The brand new paper published recently by Facebook is connoting the experimentation with teaching the art of negotiations to company’s AI (artificial intelligence). Even though it is not considered as important as other big companies like Apple, Amazon and Microsoft, Facebook’s papers have also stimulated interest in dialog system. It may seem easy but the dialog is very hard which can be explicitly seen in the contemporaries namely Siri, Alexa and Cortana, it not only requires speech recognition but much more efforts in order to provide a remarkable experience to users.

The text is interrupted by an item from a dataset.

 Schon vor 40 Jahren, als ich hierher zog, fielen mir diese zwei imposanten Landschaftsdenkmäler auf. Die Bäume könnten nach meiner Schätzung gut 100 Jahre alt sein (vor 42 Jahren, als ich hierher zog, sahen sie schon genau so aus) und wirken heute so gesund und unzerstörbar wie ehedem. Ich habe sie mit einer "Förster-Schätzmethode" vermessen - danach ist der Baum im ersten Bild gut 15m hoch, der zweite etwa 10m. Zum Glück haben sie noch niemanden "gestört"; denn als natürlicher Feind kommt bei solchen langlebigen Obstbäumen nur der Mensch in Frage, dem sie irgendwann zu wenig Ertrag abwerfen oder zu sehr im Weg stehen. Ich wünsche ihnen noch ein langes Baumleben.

Facebook’s Subtle Art- Negotiation with Humans:
It is very evident that conversational AI’s are here to stay in future and can be used to drive the sales which are why they hold extreme importance. The one disadvantage they carry is their inability to negotiate which becomes a major hindrance to overcome. And Facebook with their deep learning and techniques, taking help from the game theory, has created machines that can negotiate with humans potentially. They have created machines capable of complex bargaining by using the rollout techniques which are more commonly used in game playing AI’s.
Facebook researchers started by dreaming of an imaginary negotiation scenario having humans on Mechanical Turk of Amazon with a clear value function. These humans were asked to negotiate in natural language with an objective of maximizing the reward from a pot. The one thing to be taken into consideration was not to exceed the limit of rounds of dialog which was set as 10 as nobody would receive a reward if this constraint was met.

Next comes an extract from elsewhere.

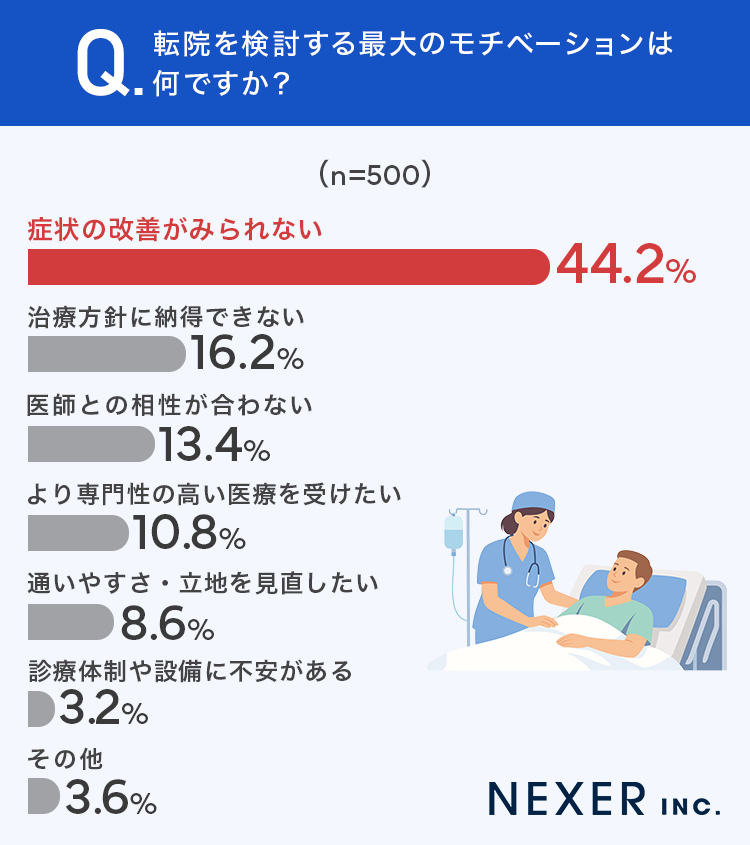 ■44.2%が、転院を検討する最大の理由は「症状の改善がみられない」と回答

Both the agents had different preferences and therefore, they had to develop a dialog so as to sort out the objects and decide which objects should be given to which agent considering their preferences. In this process of interaction, machines naturally learnt many classic negotiation tricks one of which is placement of false emphasis on low value items.
This technique basically takes the form of a decision tree which is already a crucial component of several AIs. To define it, a decision tree is a tree which is able to denote all outcomes which can possibly occur after a possible step. These decision trees allow us to take decisions by modeling future states from the present. Albeit humans are also said to be operating according to a decision tree but with us, the possibilities are extremely large in number because of the element of unpredictability.

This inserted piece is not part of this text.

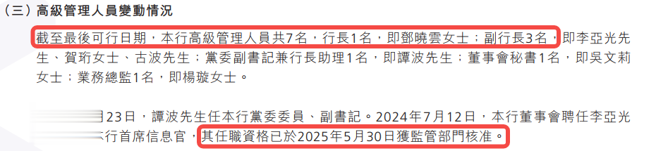 9月,监管核准谭波董事的任职资格,他现任该行党委副书记兼行长助理。

It can also be understood with the help of the game Tic-Tac-Toe, in the game we have finite options i.e. places where X can be placed, at any given point. So, each turn has a possible value. But dialog is much more complex than such games as the former does not advance from a finite number of outcomes i.e. there exist infinite human responses for any question.
As it is difficult to make the machines interact with humans, Facebook practised its models on negations of humans with each other. Once this happened, pairs of machines were also set to negotiate with the help of reinforcement learning where they were provided with rewards at the end of every good negotiation and that is how the bots were trained.